BEGIN DATA TO USE

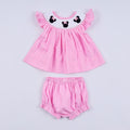 Adorable two-piece set featuring hand-smocked detailing and charming character accents. Soft pink fabric with delicate dot pattern creates a sweet, vintage-inspired look. Ruffled bloomers offer comfortable, playful style perfect for little ones. The smocking adds texture and dimension while maintaining breathable comfort. Ideal for special occasions or everyday wear that makes getting dressed fun and fashionable.
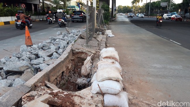 Genangan sumber kerusakan Jl Metro Pondok Indah masih belum selesai ditangani. Saluran sumber genangan masih dibongkar dan dipagari dengan karung-karung tanah.
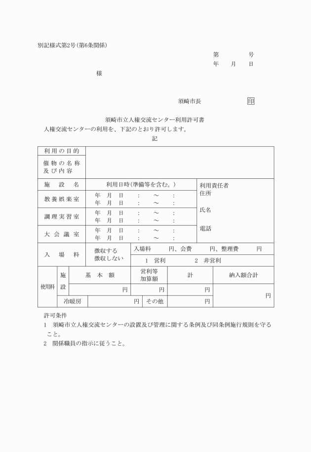 ○須崎市立人権交流センターの設置及び管理に関する条例施行規則
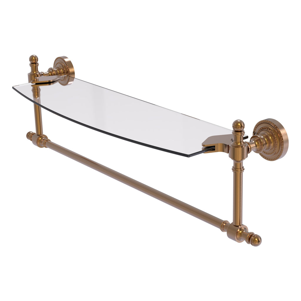 Add space and organization to your bathroom with this simple, contemporary style glass shelf. Featuring tempered, beveled-edged glass and solid brass hardware this shelf is crafted for durability, strength and style. Integrated towel bar provides space for your favorite decorative towels or for your everyday use. One of the many coordinating accessories in the Allied Brass Collection of products, this subtle glass shelf is the perfect complement to your bathroom decor.
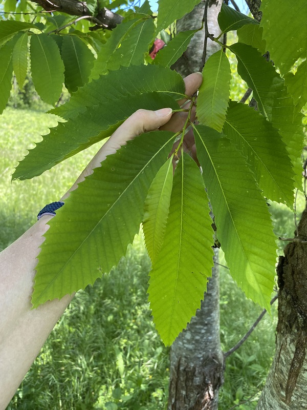 ACF employs various methods to crossbreed the chestnut species, primarily by covering the female flowers on American Chestnut trees with paper bags once they bloom in June and hand application of pollen from the Chinese or Japanese species. Less than 10% of the catkins have female flowers. These methods have resulted in hybrid species that are 15/16 or more of the American genotype. The chestnut trees start producing nuts at age 7 years.
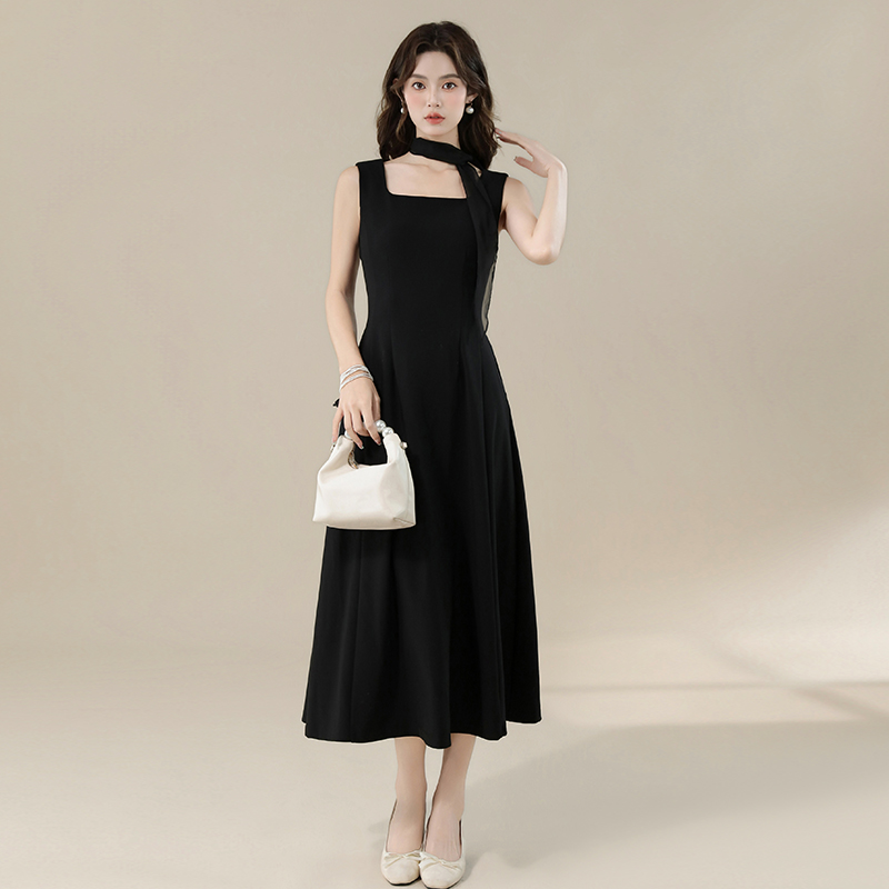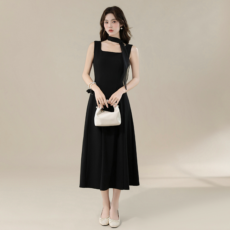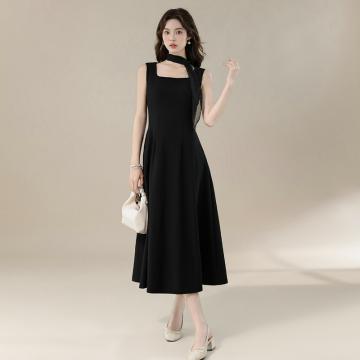 BY16696# 夏季新款法式优雅方领简约飘带设计感收腰显瘦长款小黑裙
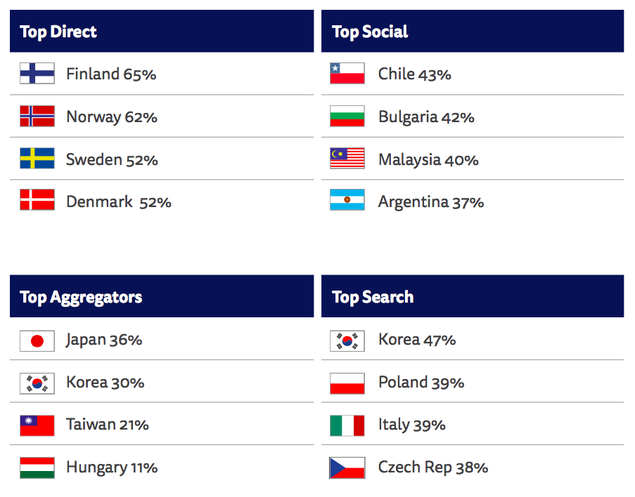 Behind the averages, however, we find very significant country differences. Two-thirds of respondents in Finland (65%) and Norway (62%) prefer to go direct to a website or app. Elsewhere, preferred access is often via social media, with over four in ten preferring this route in Chile (43%), Bulgaria (42%), and Malaysia (40%). In some Asian countries, aggregators or search are the main gateways. In South Korea, where Naver and Daum are dominant platform players, 47% say they prefer to access via search and 30% via a news aggregator. Just 5% prefer to go directly to a news website or app, by far the lowest in our survey. In Japan, where Yahoo! is the main news portal, the figure is just 15%.
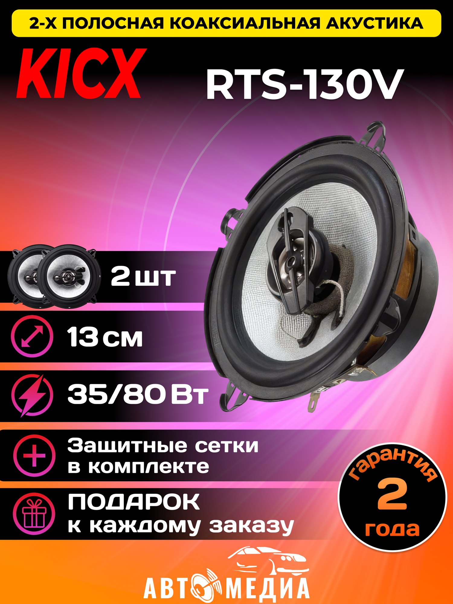 Динамики 2-полосные коаксиальные (80 Вт, 13 см, 2 шт) KICX RTS-130V. Товар уцененный
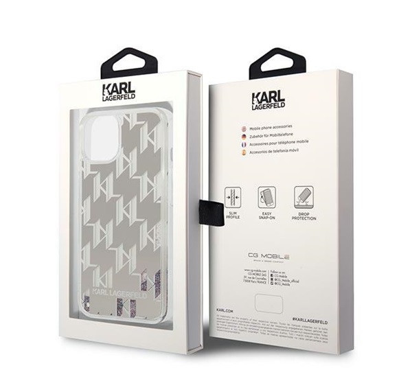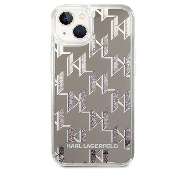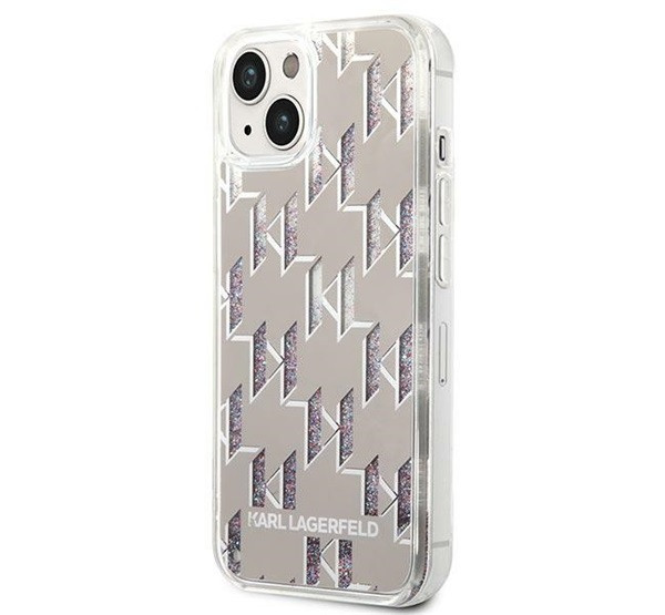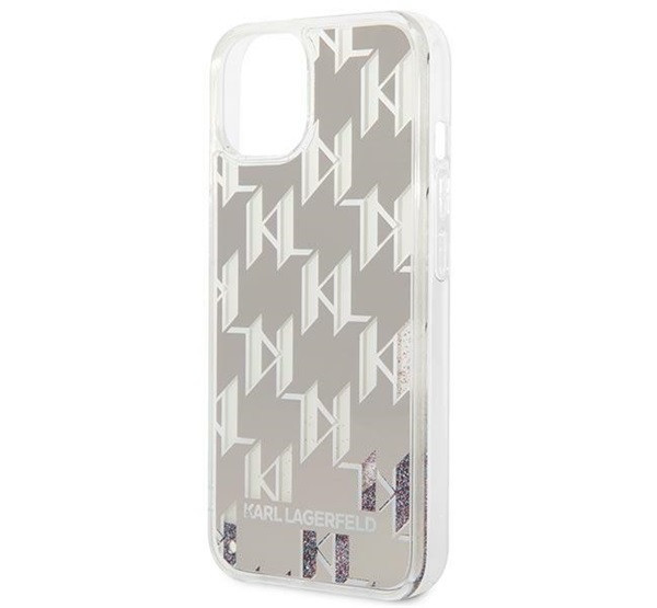 Karl Lagerfeld Liquid Glitter Monogram Apple iPhone 14 hátlap tok, ezüst
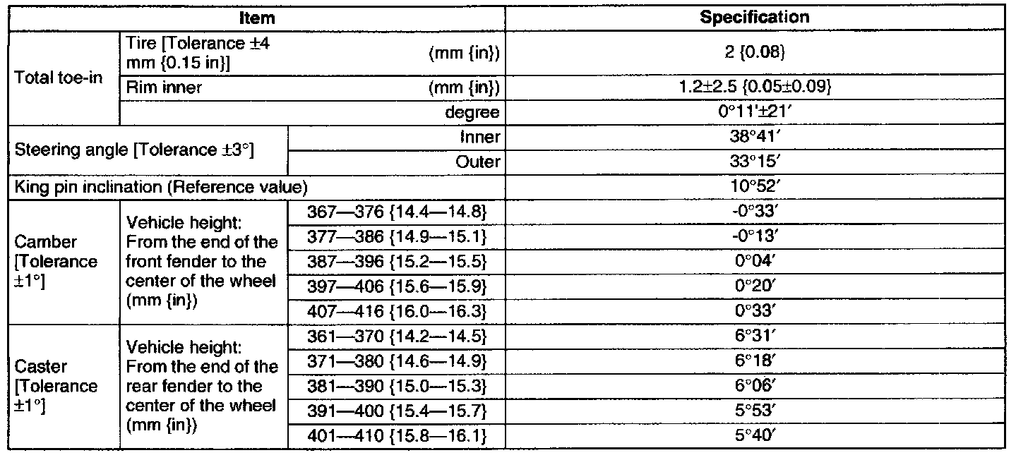 FRONT WHEEL ALIGNMENTSpecification (Unloaded Condition)
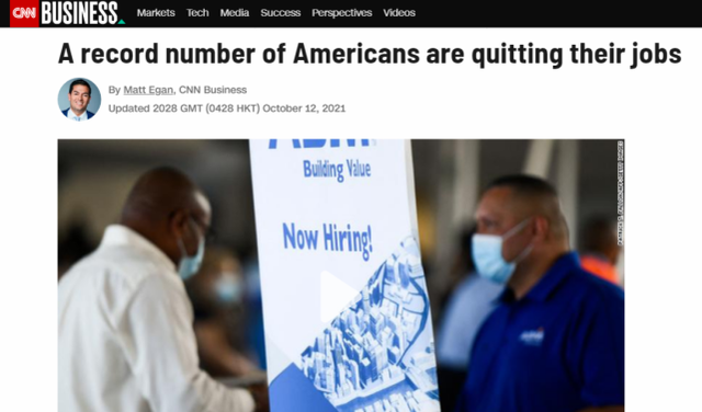 10月12日,美国劳工部在官网发布了就业数据报告,其中8月份全美有430万人辞职,数据创下2000年12月以来的新高。其中,制造、零售、贸易、运输、服务和公共事业等行业劳动力流失的情况最为严重。
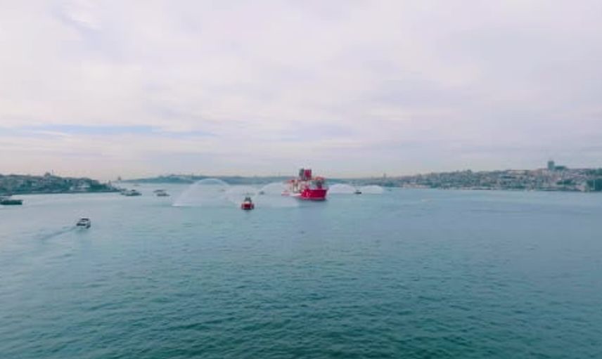 İstanbul Boğazı'na yaklaşan Türk sondaj gemisi böyle görüntülendi
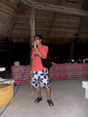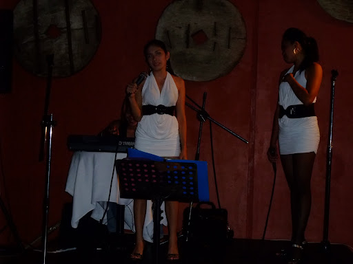 晚餐,我們請了菲籍辣妹來個歌唱趴,結果琴師沒來,整個尷尬,辣妹只好先清唱了三首歌壓壓底
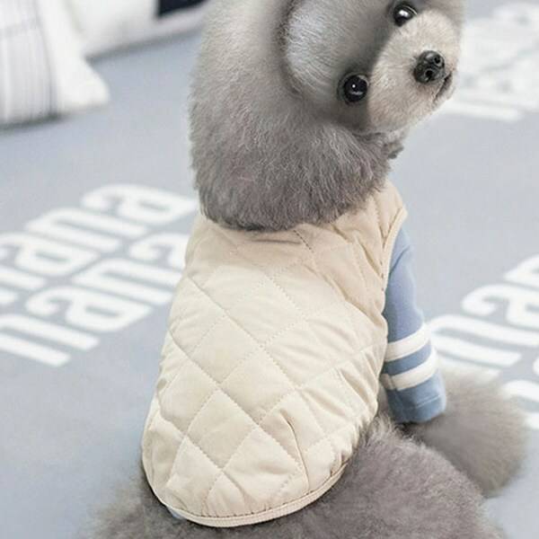 아이보리에 가까운 연한 베이지색 강아지 누빔 조끼예요. 갈색 강아지에게 톤온톤으로 입히기 좋아요. 쌀쌀한 날 입히기 좋아요. 이너티와 함께 입힐 수도 있습니다.
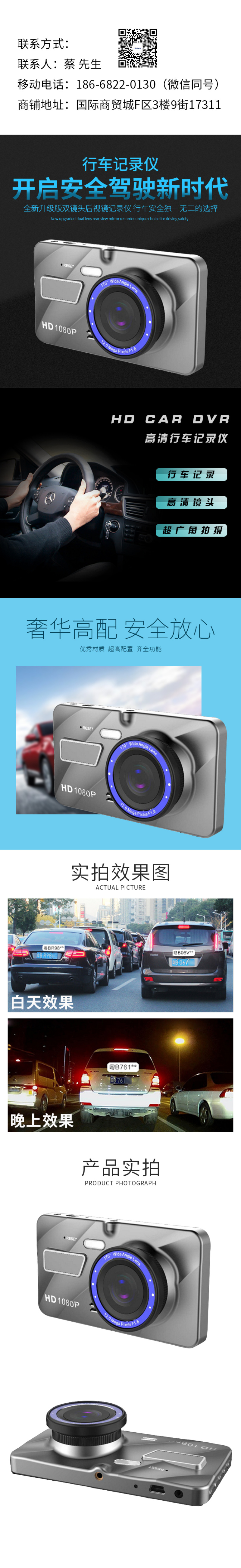 Dashcam hd dark night vision reversing video before and after double recording
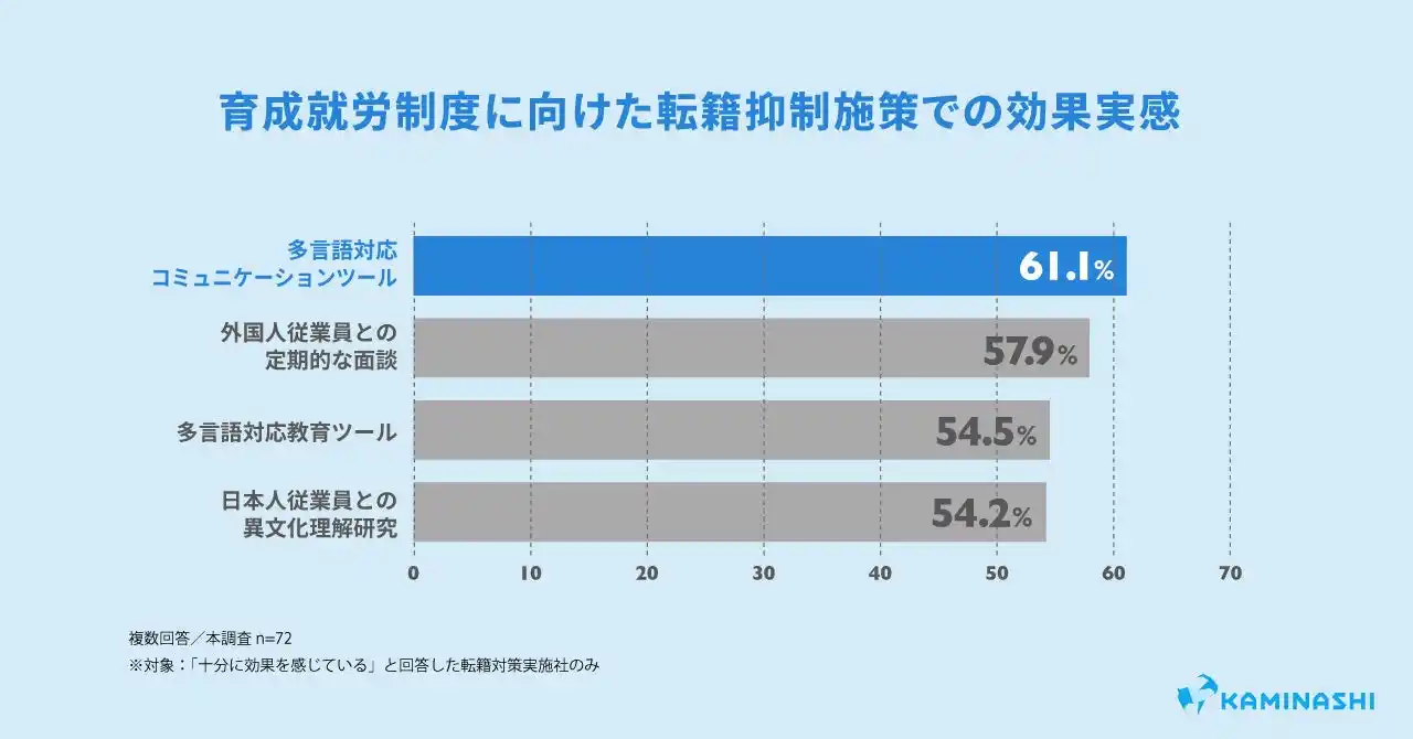 転籍抑制策として「多言語対応コミュニケーションツールを導入した」と回答した人のうち61.1%が「十分に効果を感じている」と回答。定期面談(57.9%)、多言語対応教育ツール(54.5%)、日本人従業員への研修(54.2%)を上回り、現場の多言語対応が外国人材の定着に直結することが明らかになりました。 |

END DATA TO USE

▶ ABOUT THIS EXERCISE
Extract the lines exactly, please: the first line of the listing, the line with "BY16696# 夏季新款法式优雅方领简约飘带设计感收腰显瘦长款小黑裙", and every line between them, but no pictures.

▶ RESULT OF THIS EXERCISE
 Adorable two-piece set featuring hand-smocked detailing and charming character accents. Soft pink fabric with delicate dot pattern creates a sweet, vintage-inspired look. Ruffled bloomers offer comfortable, playful style perfect for little ones. The smocking adds texture and dimension while maintaining breathable comfort. Ideal for special occasions or everyday wear that makes getting dressed fun and fashionable.
 Genangan sumber kerusakan Jl Metro Pondok Indah masih belum selesai ditangani. Saluran sumber genangan masih dibongkar dan dipagari dengan karung-karung tanah.
 ○須崎市立人権交流センターの設置及び管理に関する条例施行規則
 Add space and organization to your bathroom with this simple, contemporary style glass shelf. Featuring tempered, beveled-edged glass and solid brass hardware this shelf is crafted for durability, strength and style. Integrated towel bar provides space for your favorite decorative towels or for your everyday use. One of the many coordinating accessories in the Allied Brass Collection of products, this subtle glass shelf is the perfect complement to your bathroom decor.
 ACF employs various methods to crossbreed the chestnut species, primarily by covering the female flowers on American Chestnut trees with paper bags once they bloom in June and hand application of pollen from the Chinese or Japanese species. Less than 10% of the catkins have female flowers. These methods have resulted in hybrid species that are 15/16 or more of the American genotype. The chestnut trees start producing nuts at age 7 years.
 BY16696# 夏季新款法式优雅方领简约飘带设计感收腰显瘦长款小黑裙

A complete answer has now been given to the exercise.